What is the demand for such articles? It’s likely driven by a kind of artisanal impulse for reassurance that our favorite jokes are authentic. Now that memes have become so popular, we viewers are invested in knowing where they came from and how they reached us. Pinning memes down has become a kind of cultural arms race.

As much as we struggle to keep up with it, the task of comprehensively documenting memes is impossible. Know Your Meme and Encyclopedia Dramatica are useful as barometers of Internet culture that provide a detailed sense of what’s going on in Web communities as it happens, thanks to their crowd-sourced network of contributors. But the absurdity of the attempt is underlined by a Wikipedia article I recently stumbled upon, titled “List of Internet phenomena.” It categorizes the wide genre of things that happen online into subsections like “Images” (LOLcat, Goatse.cx), “Video” (Two Girls, One Cup), and “Other Phenomena” (Creepypasta).

The list will forever be outdated. It fails to live up to its grand title. Thankfully, it also admits it. At the top is a warning: “This is an incomplete list that may never be able to satisfy particular standards for completeness.”


President Obama and McKayla Maroney imitate the McKayla Is Not Impressed meme. Photo via Wikimedia Commons

The Wikipedia list reminds me of a short story by the writer Jorge Luis Borges, who might be a patron saint of the Internet for his investigation into concepts infinite in their complexity. In the 1946 story “On Exactitude in Science,” Borges recounts the tale of a map-making effort so detailed that “the map of a single Province occupied the entirety of a City, and the map of the Empire, the entirety of a Province.” Eventually, even those enormous maps weren’t enough. The map-makers “struck a Map of the Empire whose size was that of the Empire, and which coincided point for point with it.” Later generations, of course, “saw that that vast Map was Useless”—to look at the map was also to inhabit what it described in the real world, and thus obviate the need for a map. 

Wikipedia-style dictionaries of memes are just such maps of the world the size of the world. If given unlimited resources, they would encompass and replace the entirety of the Internet with its own replica. And when we can already see the fruits of meme culture all around us, what’s the point? Memes aren’t just covered by the mainstream media, they are mainstream media. The Kermit Sips Tea meme showed up in a sports arena. Doge crept into Seamless ads and GOP tweets, and onto a Hot Topic shirt

wow. such obamacare funding. oppose ted cruz. pic.twitter.com/bIgXNNpimi

— Rep. Steve Stockman (@StockmanSenate) December 23, 2013

Internet culture was once “this place that no one else really valued except for the community that created it,” Cheese told me. “Everyone else kind of dismissed it.”  Now, the status of Internet memes has risen to the point that it’s harder to ignore them than it is to embrace and understand them. Everybody gets Grumpy Cat. Members of the communities that created it are even likely to be annoyed by its omnipresence.

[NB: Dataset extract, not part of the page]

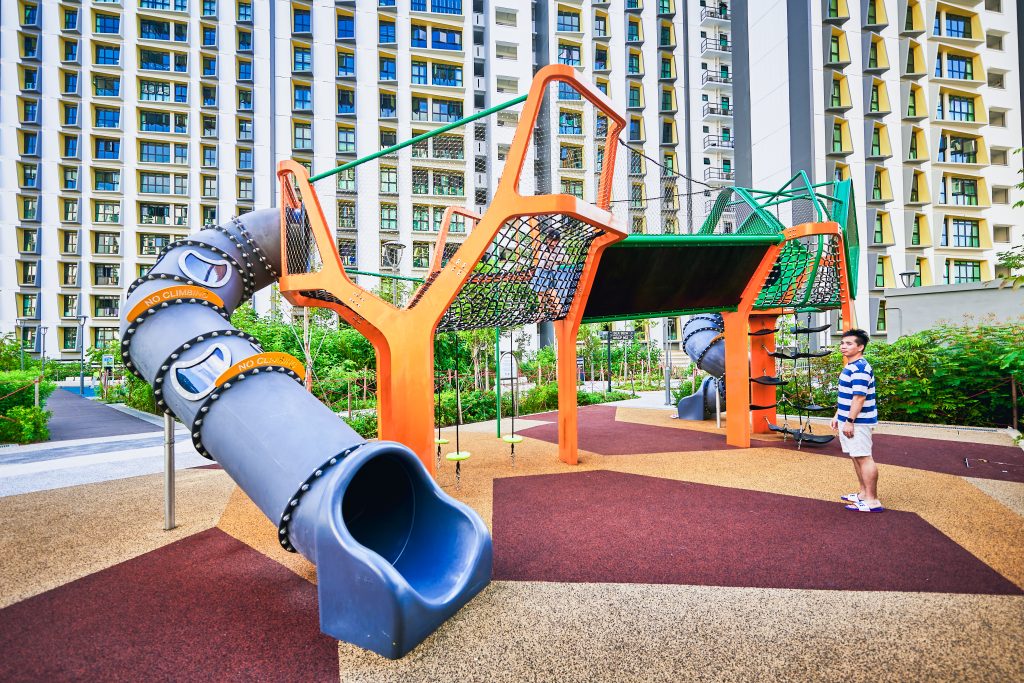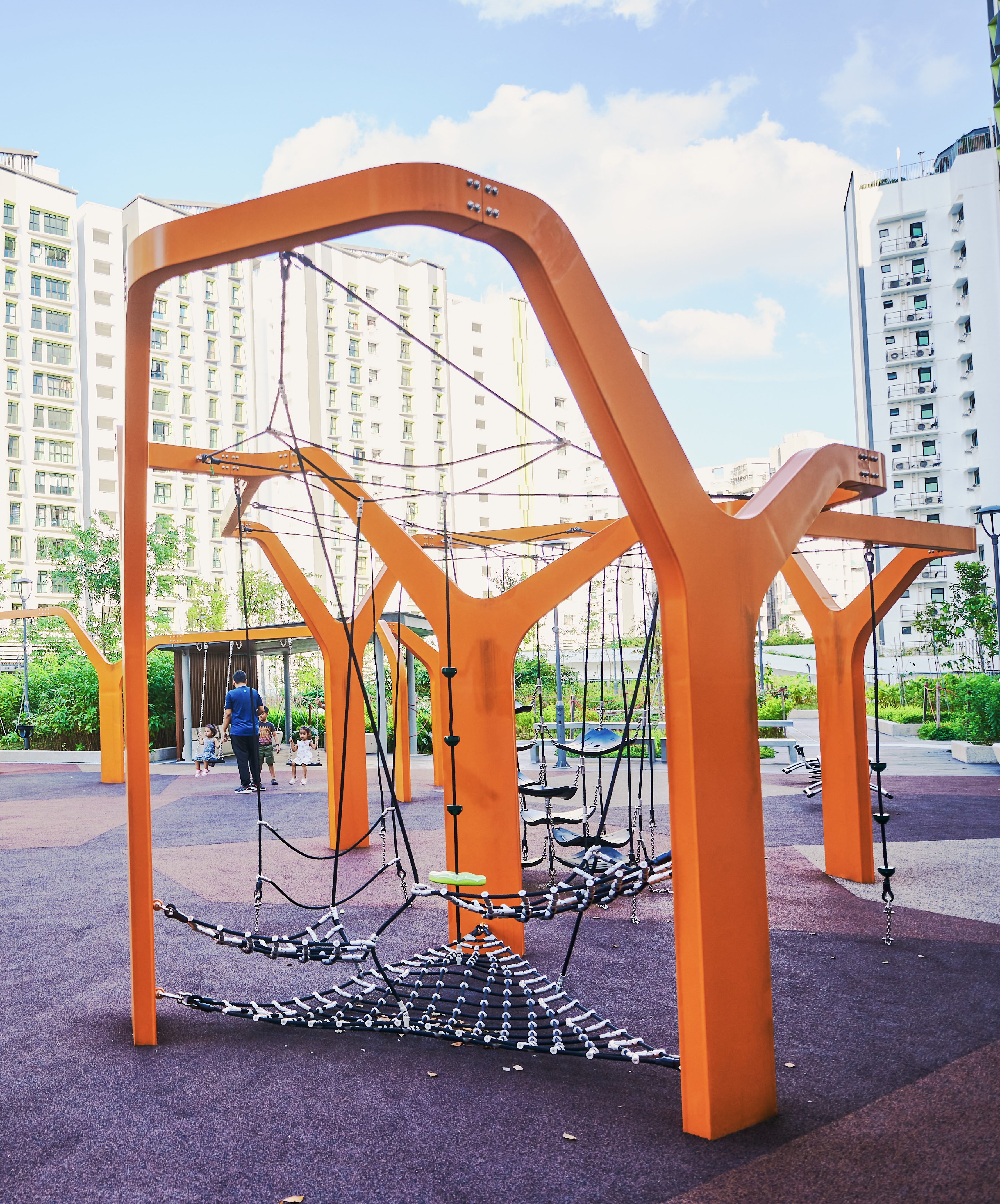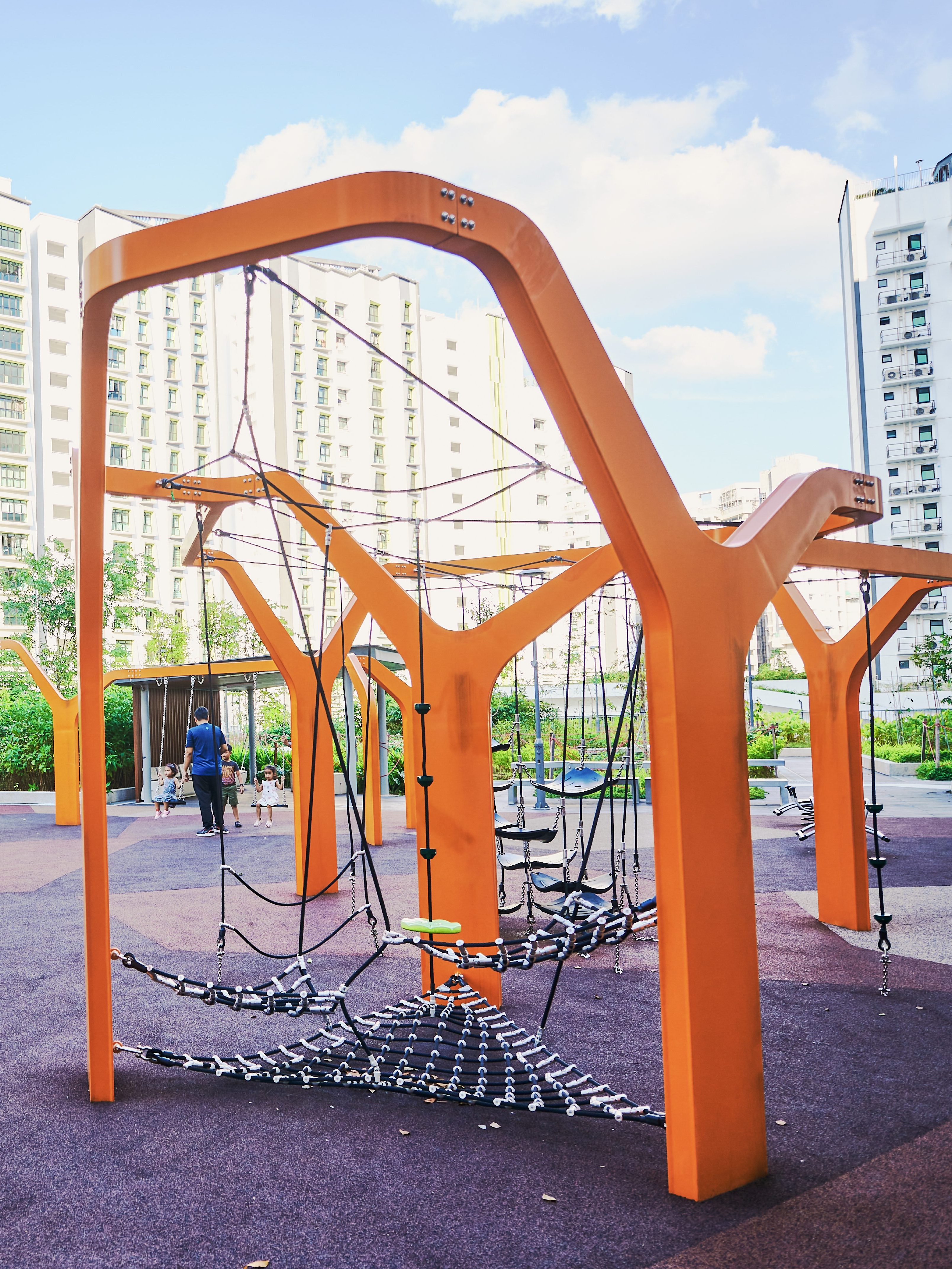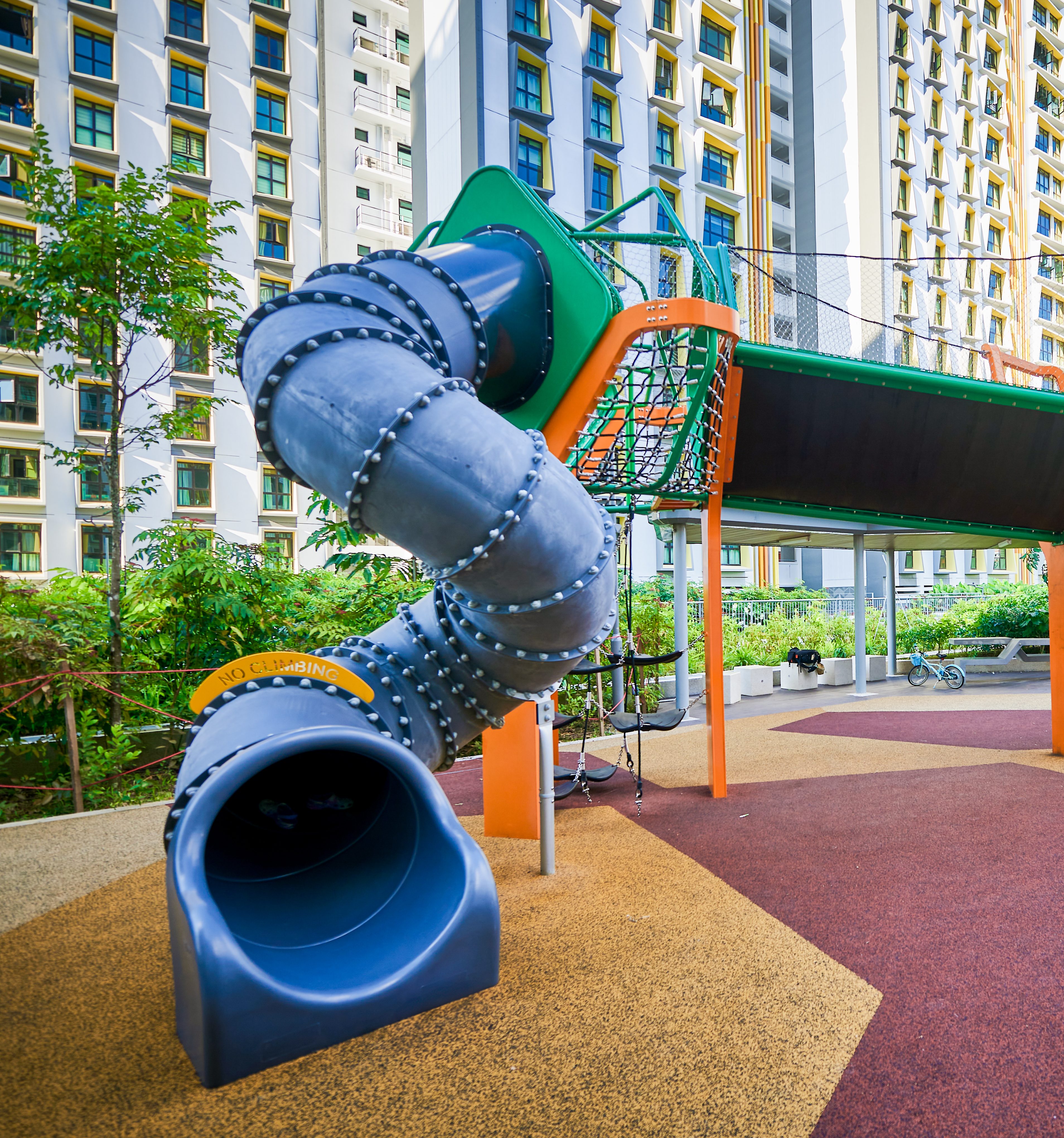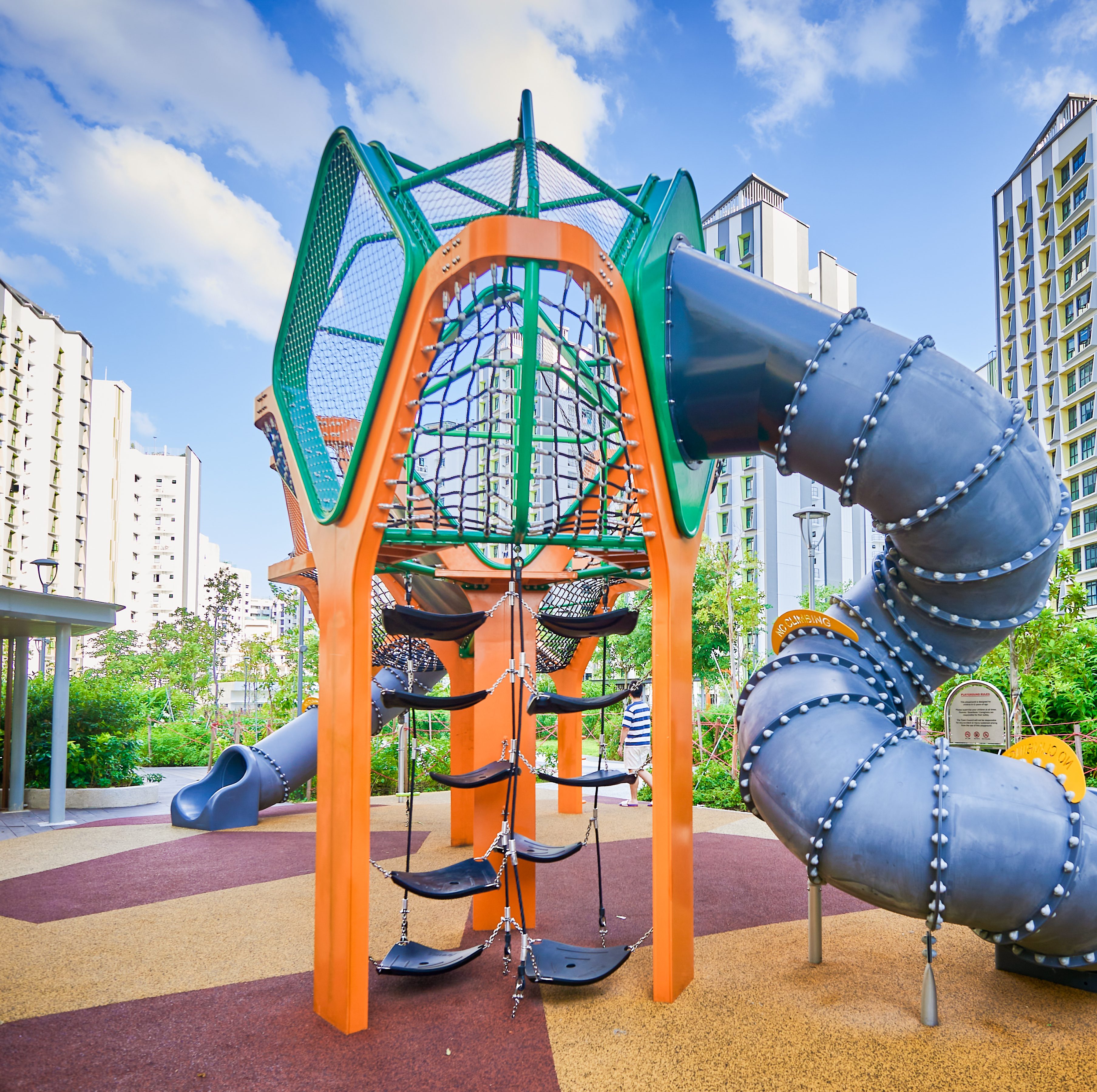 Inspired by the majestic form of banyan trees, this modern play tower at Tampines GreenGem reimagines nature as an exciting adventure landmark for children. Finished in a bold, vibrant orange, it instantly becomes a striking focal point within any playground, capturing children’s attention and inviting exploration. Each tower features its own slide, delivering thrilling descents for older children seeking excitement and adventure. Blending nature-inspired design with contemporary styling, the structure supports children’s coordination, courage, and imaginative play.

If memes were once labeled, like Cheese said, as folk art, then now they might be described at least as pop art, a visual culture that adapts itself to its surroundings and spreads its influence in any form it can. Memes and their creators are celebrities that have moved far beyond the tight circles of Internet creators who made them famous. The publications that track them—Know Your Meme, Encyclopedia Dramatica, even Vox, of late—are less dictionaries than they are gossip sites, endlessly debating the latest cool thing. Until another media platform surpasses the Internet, it’s also unlikely that this transition will reverse.

The fundamental goal of Know Your Meme is “trying to figure out what’s worth documenting,” Cheese said. “What is meaningful and what isn’t is a really hard question to answer and one that [the site is] trying to figure out.” I must point out that this problem is far from unique to Internet memes. In fact, it’s the driving debate of culture itself, of which memes are just a small part.